Effect on an outlier depends on its leverage:
- high leverage: can attract fitted plane, may have small residual, can increase $R^2$
- low leverage: doesn’t distort fit as much, usually has big residual, increases standard errors, decreases $R^2$
Can be shown the $y_i = h_{i1} y_1 + \cdots + h_ii y_i _ \cdots + h_{in} y_n$ , where the the $h$ ’s are the hat matrix diagonals, and measure the influence that $y_j$ has on the ith fitted value. Can also be interpreted as distance between $x_i$ ’s and average $x$ values.

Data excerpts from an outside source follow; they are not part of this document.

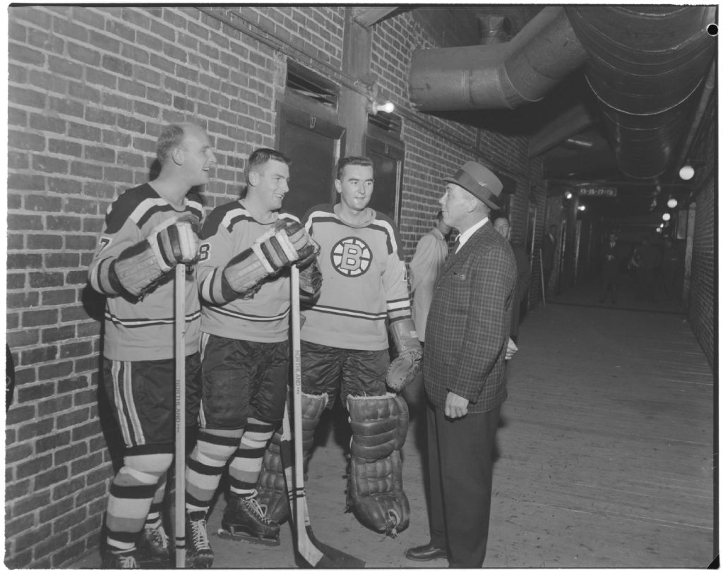 Trois joueurs de hockey de l'équipe des Bruins de Boston, 24 septembre 1962, Archives nationales à Gatineau, Fonds Champlain Marcil, (07H,P174,S1,D28319), Attribuée à Champlain Marcil.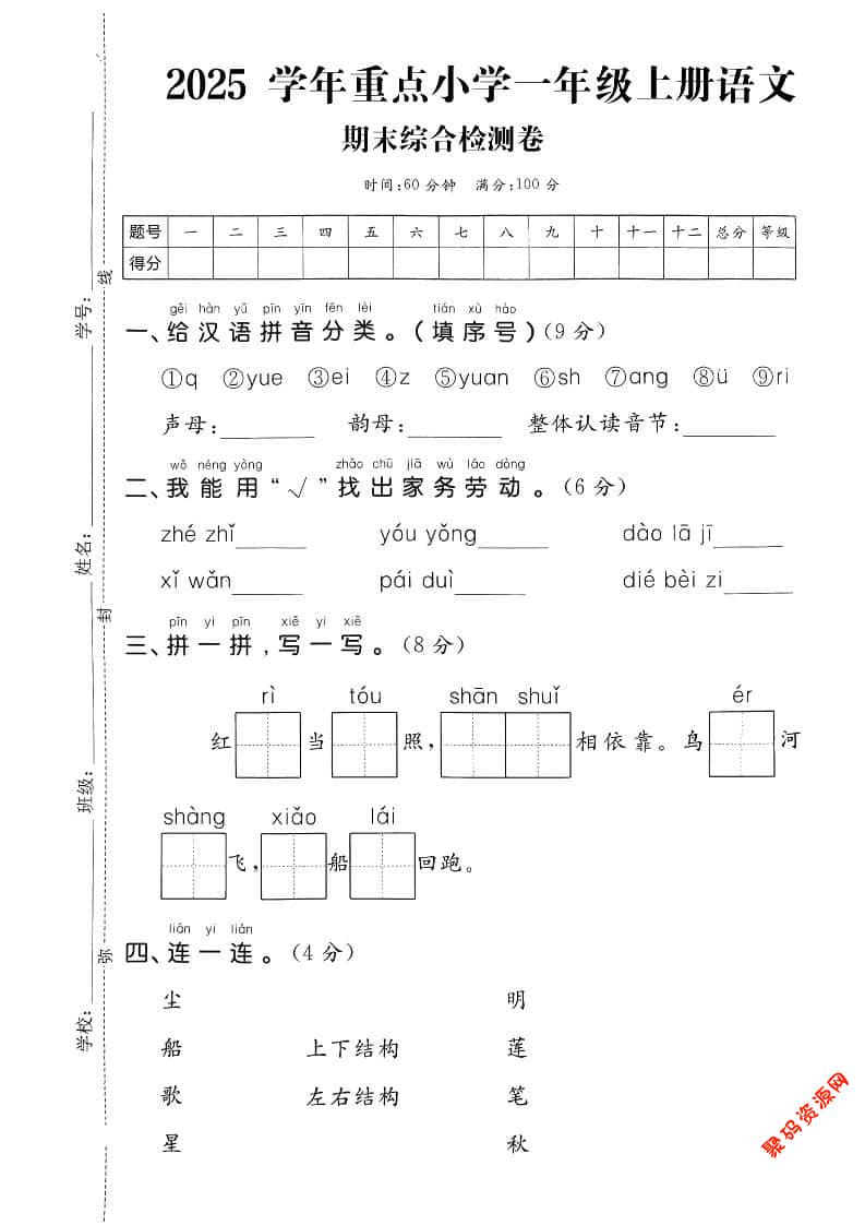 聚码网 一年级 一年级上语文期末综合检测卷 http://www.appstore168.com/115385.html
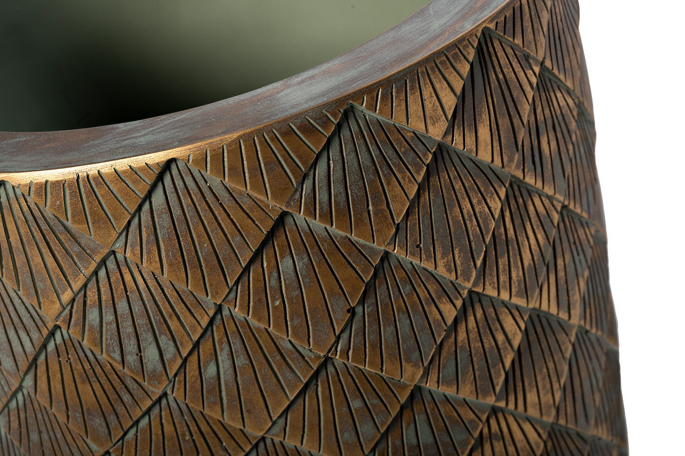 Декоративное кашпо с геометричным орнаментом перенесет вас в атмосферу восточной роскоши. Его рельефная поверхность, имитирующая переплетение драгоценных нитей, создает неповторимый узор, который притягивает взгляд. Это кашпо станет изюминкой вашего интерьера или станет прекрасным подарком для ценителей красоты и изысканности.

Each HMD lies between 0 and 1. Average HMD = $p/n$ , > than 3 times this considered extreme.
Identifying outliers
If influence low, then outlier will normally have large residual, but if influence is high, the residual may be small. How do we identify outliers with high leverage? We can drop the point and refit the regression. If the coefficients change a lot it’s probably an outlier, or influential point.
Can calculate a number of measures with leave-one-out techniques by looking at change in key regression quantities (coefficients, fitted values, etc.).
- Standardised difference in coefficients. $|\hat{\beta}_j - \hat{\beta}_j(-1)| / se(\hat{\beta}_j)$ . Problem when $\gt 2 / \sqrt{n}$ .
- Standardised difference in fitted values. $|\hat{y}_j - \hat{y}_j(-1)| / se(\hat{y}_i)$ . Problem when $\gt 3 \sqrt{p / (n-p)}$ .
- Cov ratio. Change in standard errors of coefficients. Problem when > $1 + 3p/n$ , or < $1 - 3p/n$ .
- Cook’s D. Overall change in coefficients. Problem when in upper 10% of F distribution
In R:
- leverage-residual plot:
lrplot(model)
- influence measures:
influence.measures(model)
- Cook’s D plot:
influence.plots(educ.lm)
Identifying dependence
Important assumption is that data is independent, if this is not so standard errors will be incorrect. Usually talk about autocorrelation, which can be positive or negative. Look at plots of :
- residuals over time
- residuals vs. previous residual
- correlograms
Durbin-Watson is formal test for significance. Assumes AR (1) model, and tests hypothesis that $\theta = \rho = 0$ . $\rho$ estimated by $\sum e_i e_{i-1} / \sum e_i^2$ , and test statistic is $DW \approx 2(1-\hat{\rho})$ . $0 \lt DW \lt 4$ , values of DW close to 0 indicate negative autocorrelation, values close ot 4 positive. Exact values based on $p$ and $n$ .
Identifying non-normality
Normality assumption not so critical, but longer tailed distributions will imply more outliers. Also important for prediction errors. Use qqplot
, and should fall in straight line ( j-shape = right skew, s-shape = short tailed). Can use Weisberg-Bingham test for formal hypothesis test, WB = square of correlation of normal plot, values close to 1 indicate normality.
In R, use 330 function WB.test
.
Remedies for non-normality
Transform response, using box-cox plot to suggest suitable power.